Barry, can you tell us why you are going with a converted G0796 vs buying a new CNC machine such as a pcnc 1100 or 770, etc.  ??   Also what CAD/CAM/Controller software will you be using along with the 1125 oz/in DC servo 4axis kit from Automation Technologies??
Appreciate the reference to your Youtube videos.
John


----------



## barryjyoung

Jbar said:


> Barry, can you tell us why you are going with a converted G0796 vs buying a new CNC machine such as a pcnc 1100 or 770, etc.  ??   Also what CAD/CAM/Controller software will you be using along with the 1125 oz/in DC servo 4axis kit from Automation Technologies??
> Appreciate the reference to your Youtube videos.
> John


Hello John:

I have changed my mind. The price of ball screws was ridiculous for a Bridgeport size machine.
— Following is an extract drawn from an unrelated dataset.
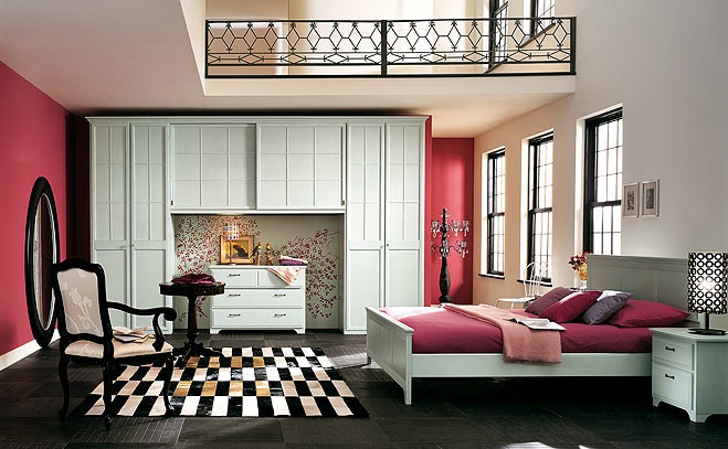 Bedroom (Suite bedroom) from the Italian manufacturer San Michele. Set includes: double bed with headboard, a modular storage system with nisai for chest of drawers, bedside Cabinet and an armchair with fabric upholstery. The frames are made of wood. The finishing - varnish. Colors - white, black and beige. The model is made in modern style.

Instead, I am going to CNC my Grizzly G0704 and keep the G0796 conventional. I already have ball screws for that machine so it will be a close to no dollar conversion. Any parts that are too big to run automatically in the G0704 or run manually in the G0796 can easily be farmed out to my co-worker who has a CNC Bridgeport. I will be using TurboCAD 3D for model development, LazyCAM for toolpathing and Mach3 for controller software with my Gecko Servo drives. Thanks for the comments and questions, keep that coming

Barry


----------



## Jbar

The G0704 seems to be a popular machine to CNC.   My reason for asking is I currently do not own a mill.  I want to buy a mill either dedicated CNC out of the box or do a conversion to CNC.  Although it will initially be for hobby, I also have in the back of my mind using it to start a business when I retire.  If you could comment on the following I and probably others would benefit from your comments:
1. What you estimate it would have cost to CNC the 0796
2. What you estimate it would cost to CNC the 0704 (even though you still own a few parts)?
3. Why you'll go with Mach 3 even though Mach 4 is available?
4. Why do a conversion vs just buying a true CNC machine out of the box.

John.


----------



## barryjyoung

Jbar said:


> The G0704 seems to be a popular machine to CNC.   My reason for asking is I currently do not own a mill.  I want to buy a mill either dedicated CNC out of the box or do a conversion to CNC.  Although it will initially be for hobby, I also have in the back of my mind using it to start a business when I retire.  If you could comment on the following I and probably others would benefit from your comments:
> 1. What you estimate it would have cost to CNC the 0796
> 2. What you estimate it would cost to CNC the 0704 (even though you still own a few parts)?
> 3. Why you'll go with Mach 3 even though Mach 4 is available?
> 4. Why do a conversion vs just buying a true CNC machine out of the box.
> 
> John.



Hi John:

I would be happy to comment on these excellent questions. Now gentlemen, these are merely opinions, no doubt they conflict with someone else's opinions which makes neither opinion correct. Please feel free to give your own opinions in addition to mine. 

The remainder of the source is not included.